Chathurangi Jayasooriya

Personal information
- Born: 10 July 1990 (age 35)
- Occupation: netball player
- Height: 1.80 m (5 ft 11 in)

Netball career
- Playing position(s): goal defense, goal keeper

Medal record
Representing Sri Lanka
Asian Netball Championship
| Gold medal – first place | 2009 Malaysia | Netball |
| Silver medal – second place | 2012 Sri Lanka | Netball |
| Silver medal – second place | 2014 Singapore | Netball |
| Silver medal – second place | 2016 Thailand | Netball |
| Gold medal – first place | 2018 Singapore | Netball |

= Chathurangi Jayasooriya =

Sri Lankan netball player

Chathurangi Jayasooriya also spelled as Chathurangi Jayasuriya (born 10 July 1990) is a Sri Lankan netball player and the current captain of the Sri Lanka national netball team who plays in the positions of goal defense or goal keeper. She has been a regular member of the Sri Lankan team since 2011 and took over the captaincy of the national side from fellow veteran Tharjini Sivalingam in 2017. She plays in the position of goal defense and also as the goal keeper. She also currently serves as the flight lieutenant at the Sri Lanka Air Force.

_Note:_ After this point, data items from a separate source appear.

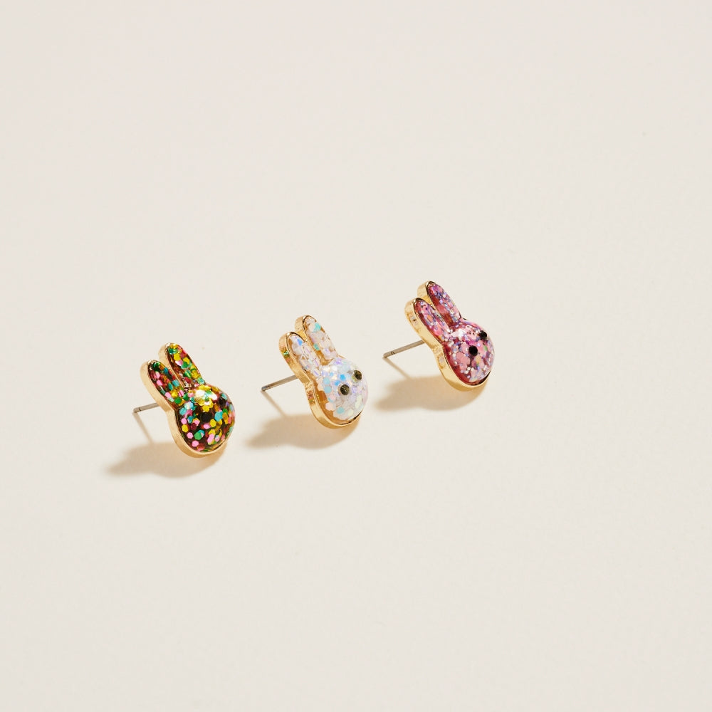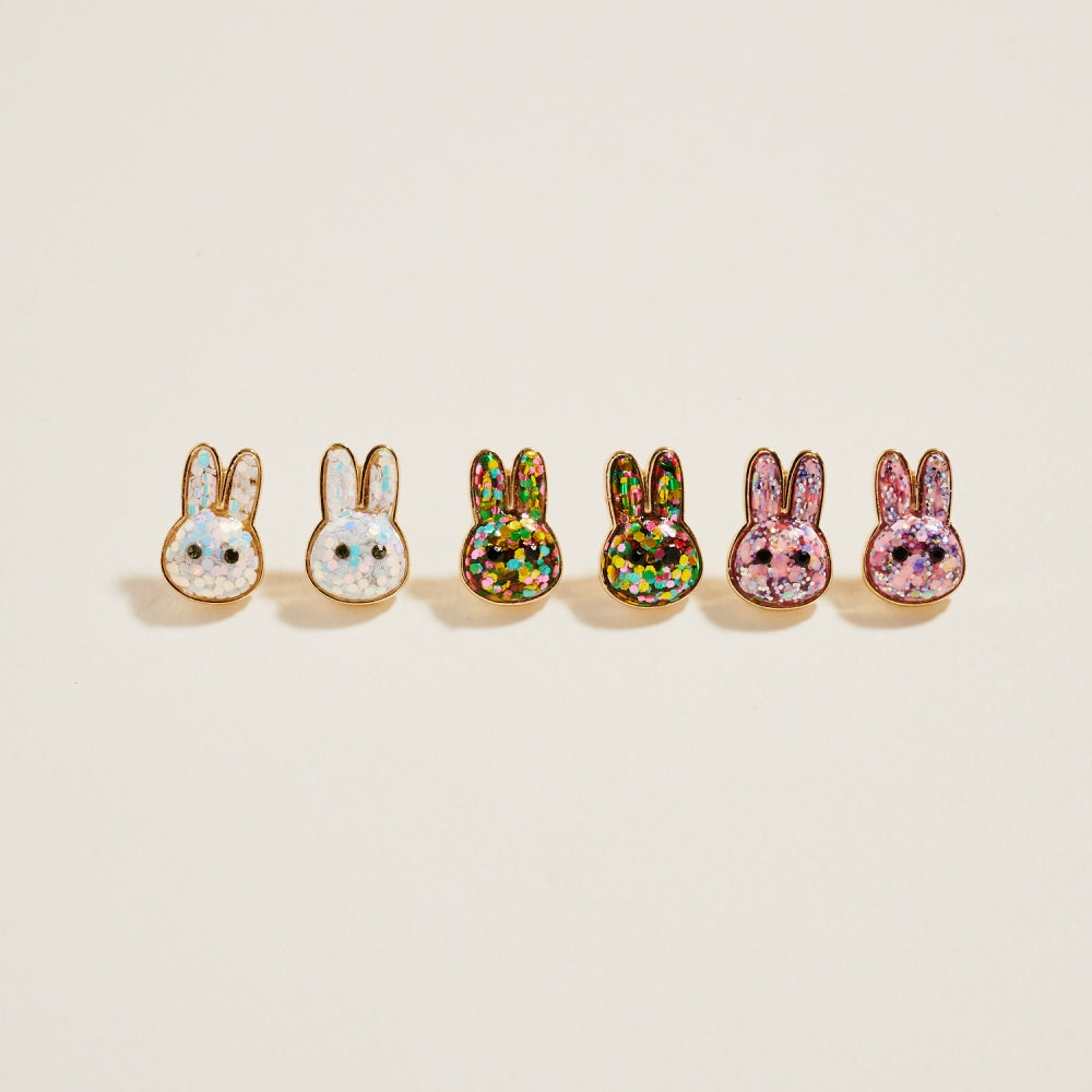 Easter Glitter Bunny Faces 3Pair Set Post Earrings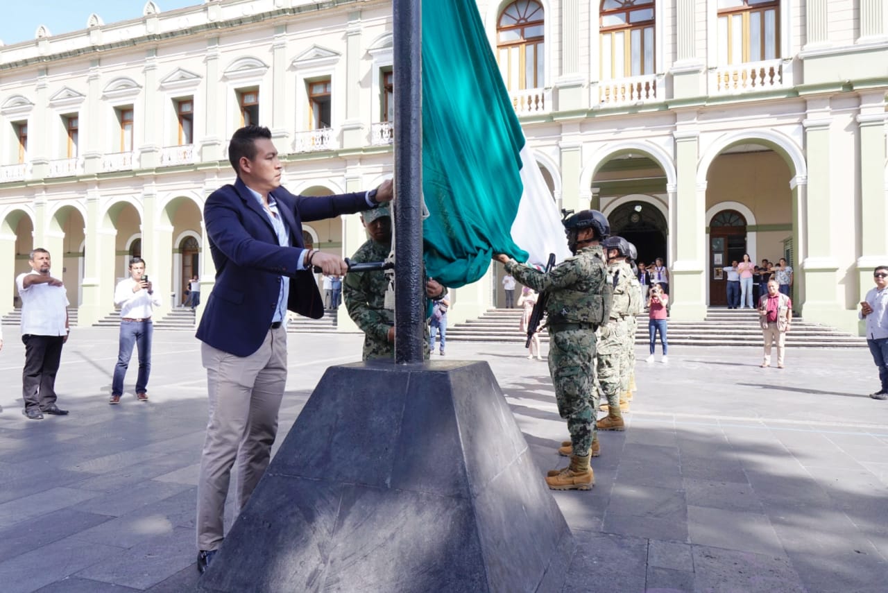En esta ocasión, el Lábaro Patrio fue escoltado por elementos de la Marina para ser izada a media asta por el Regidor, Jonathan Francisco Rosas Blanco, posteriormente, el juramento estuvo a cargo de Luis Germán García Hernández.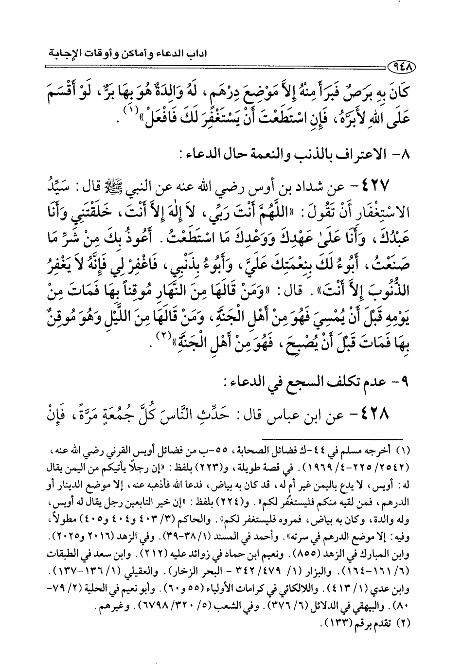 ٤٢٧ - عن شداد بن أوس رضي الله عنه عن النبي صلى الله عليه وسلم قَالَ: سَيِّدُ الاسْتِغْفَار أَنْ تَقُولَ: «اللَّهُمَّ أَنْتَ رَبِّي، لَا إِلهَ إِلَّا أَنْتَ، خَلَقْتَنِي وَأَنَا عَبْدُكَ، وَأَنَا عَلَى عَهْدِكَ وَوَعْدِكَ مَا اسْتَطَعْتُ. أَعُوذُ بِكَ مِنْ شَرِّ مَا صَنَعْتُ، أَبُوءُ لَكَ بِنِعْمَتِكَ عَلَيَّ، وَأَبُوءُ بِذَنْبِي، فَاغْفِرْ لِي فَإِنَّه لَا يَغْفِرُ الذُّنُوبَ إلا أَنْتَ». قَالَ: «وَمَنْ قَالَها مِنَ النَّهَارِ مُوقِنًا بِهَا فَمَاتَ مِنْ يَوْمِهِ قَبْلَ أَنْ يُمْسِيَ فَهُوَ مِنْ أَهْلِ الْجَنَّةِ، وَمَنْ قَالَها مِنْ اللَّيْلِ وَهُوَ مُوقِنٌ بِهَا فَمَاتَ قَبْلَ أَنْ يُصْبِحَ، فَهُوَ مِنْ أَهْلِ الْجَنَّةِ» (¬٢).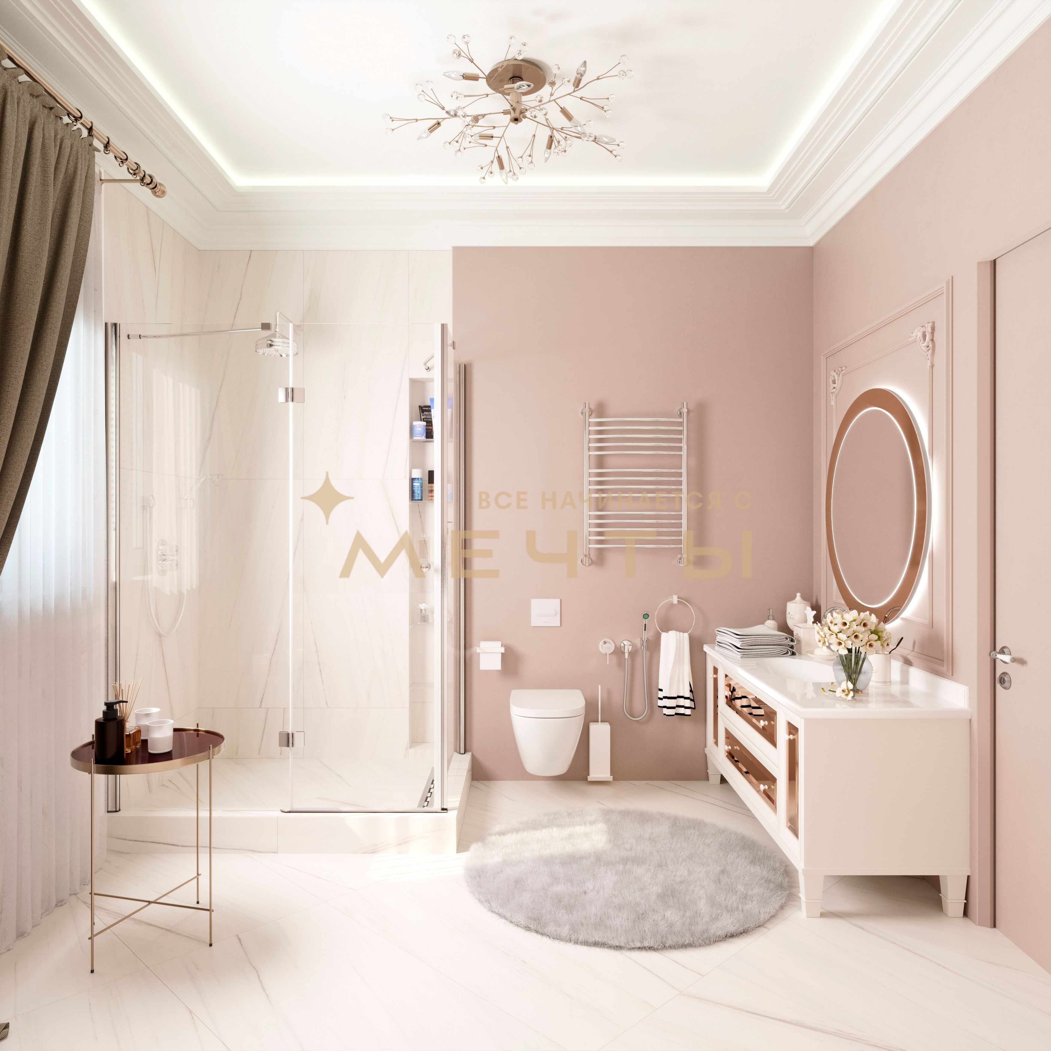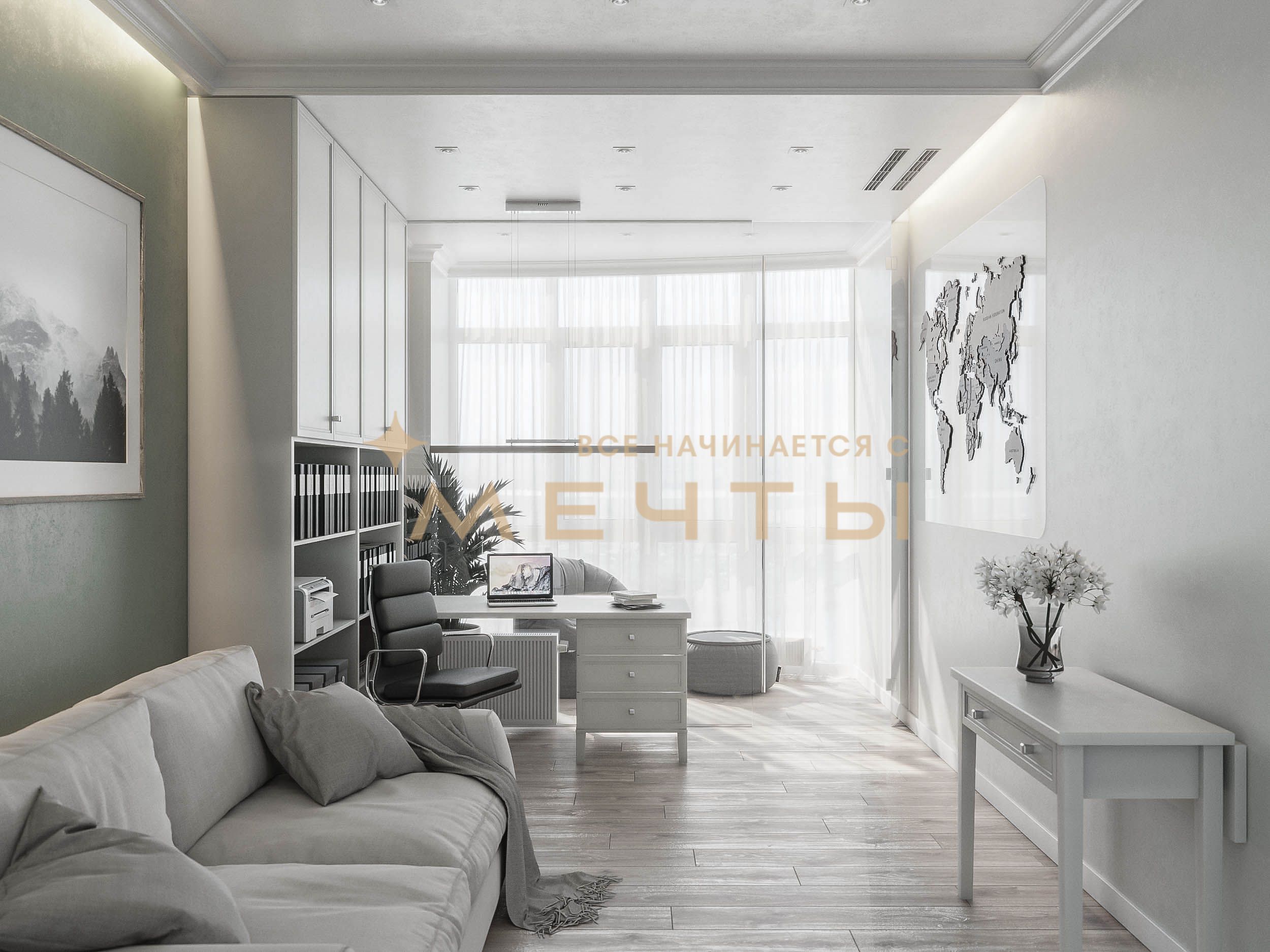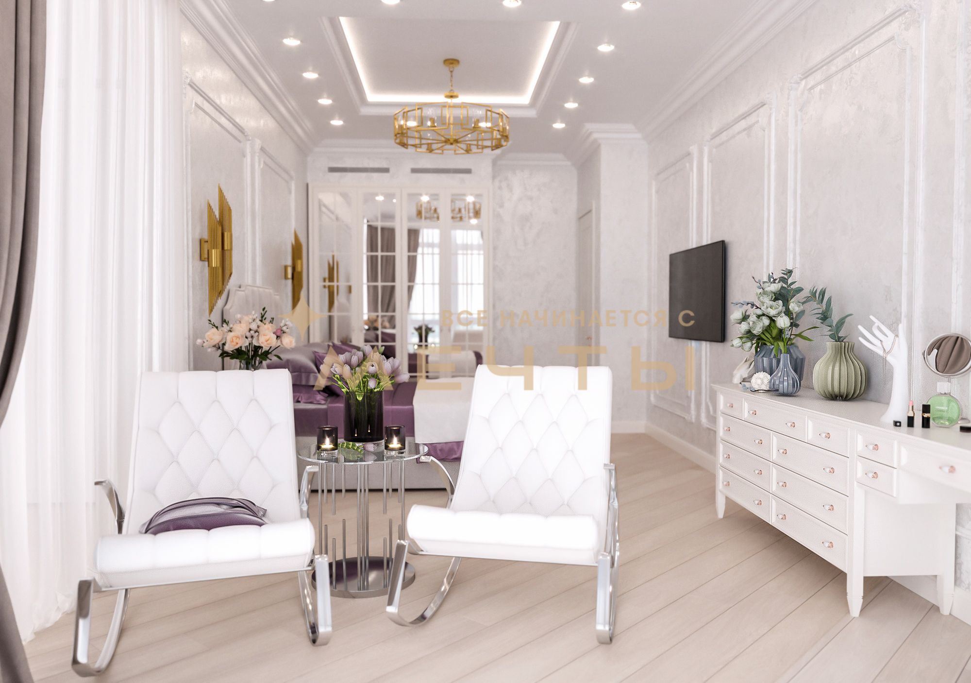 В стоимость входит все, что есть на визуализациях: качественный ремонт, мебель, техника, аксессуары и текстиль.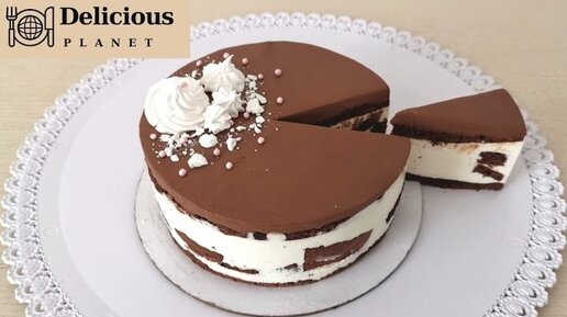 Торт из шоколадного бисквита и ганаша со сливочным суфле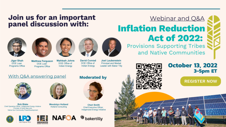 Join staff of the Department of Energy, Indigenized Energy Initiative (IEI), and Baker Tilly to discuss the various programs and possibilities created by the Inflation Reduction Act of 2022. This webinar will be today on October 13 from 3-5pm ET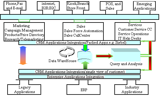 傳統(tǒng)的數(shù)據(jù)庫及中間件軟件廠商,都能提供一些“point solution”(指基于某一單獨(dú)技術(shù)領(lǐng)域),例如,單獨(dú)的客戶服務(wù)CallCenter方案,數(shù)據(jù)倉(cāng)庫/商業(yè)智能BI解決方案。Compaq向客戶提供的是完整的CRM方案套件,其技術(shù)組成主要包括前端的基于多種接觸媒體(phone,fax,email,web)CallCenter;核心部分的Sales Force Automation,Marketing Automation,Service Operation;以及后端的DataWareHouse/BI,ERP及原有集成應(yīng)用系統(tǒng)(Legacy Application)的集成等部分。通過下圖我們將詳細(xì)描述康柏的整體CRM方案框架及其解決方案: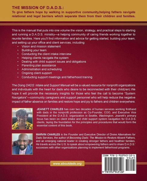 This is the manual that puts into one volume the vision, strategy, and practical steps to starting and running a D.A.D.S. ministry-a helping community of caring friends working together to reunite families. Here you'll find information and advice for getting started, building your team, and setting up your office and client services, including: · Vision and mission statement · Building your team · Conducting the client intake interview · Helping clients navigate the system · Dealing with child support issues and obligations · Parenting plan assistance · Administration and scheduling · Ongoing client support · Conducting support meetings and fatherhood training The aim of the Doing DADS: Intake and Support Manual is to become a valued resource for nonprofit organizations and individuals with the heart for dads who desire to be reconnected with their child(ren). We hope it will provide the necessary insights for those who feel the call to become "System Navigators"-community caregivers and support personnel who will help reduce the negative impact of father absence on families and restore hope and joy to fathers and children everywhere.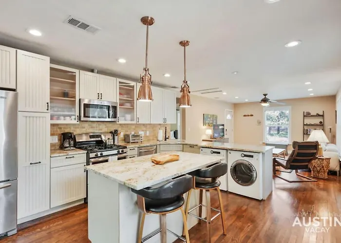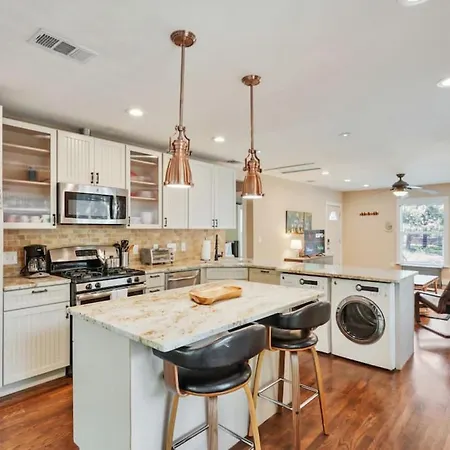 Villa Sizable Screened In Porch W Luxury Kitchen And Bath de 86 m^2 est située à 7 km de Capitole de l'état du Texas et à 4 km du Musée pour enfants Thinkery. La villa dispose de chambres meublées avec un pupitre d'écriture, le Wi-Fi et une TV.

Chathurangi has represented Sri Lanka at three Netball World Cup tournaments in 2011, 2015 and captained the Sri Lankan team at the 2019 Netball World Cup where the team finished at 19th position.

She also led Sri Lanka which became victorious at the 2018 Asian Netball Championships beating Singapore 69-50 in the final, which also marks Sri Lanka's first Asian Netball Championships triumph since 2009.